As we've highlighted before, workers who currently contribute to the Social Security system through their payroll taxes help fund Social Security Disability Insurance (SSDI) benefits for people who need those benefits today. If the Social Security Administration (SSA) collects more in payroll taxes than it pays out in disability benefits, the extra funds are stored in the Social Security disability trust fund. This positive imbalance was the case for years, but recently, the SSDI program has been paying out more in benefits than it has taken in through taxes. When this occurs, the SSA must take money out of the trust fund to fully fund today's SSDI beneficiaries. If the trend continues, the trust fund will run out of money in 2016 and SSDI benefits will be cut by approximately 20 percent because the SSA will no longer be able to subsidize current benefits with money from the trust fund and will only be able to spend what it takes in through payroll taxes.
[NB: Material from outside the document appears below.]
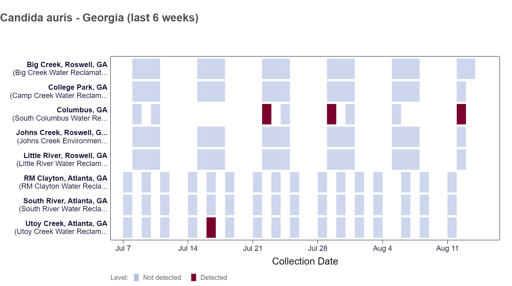 Candida auris DNA has been detected at the Columbus site in the last two weeks, based on the heat map below. As of 8/16/24, Columbus is in the MEDIUM (1 site) wastewater category. RM Clayton, South River, Utoy Creek, College Park, Big Creek, Johns Creek, and Little River are in the LOW (7 sites) wastewater category.

This is not the first time this scenario has come up, and in past years Congress has simply taken money out of the slightly more solvent Social Security retirement trust fund to balance out the shortfall in the disability trust fund. In fact, according to a comprehensive article about this problem in Politico, Congress has also allocated money from the disability trust to fund the retirement trust in lean times.
Despite a history of using the funds in both trusts to ensure the solvency of the retirement and disability programs, the new Congress has decided to change the rules so that it cannot easily move funds between the two trust funds unless the transfer would improve the actuarial balance of both programs. (The House can do this without Senate or White House approval). Since by its very nature a transfer of this kind will not improve the balance of both programs, Congress has essentially said that it will not fund the disability trust fund in 2016 without making cuts to SSDI or Social Security retirement benefits.
As can be expected, the rule change has drawn much-needed attention to the 2016 disability trust fund shortfall. We will continue to keep you updated as the situation develops.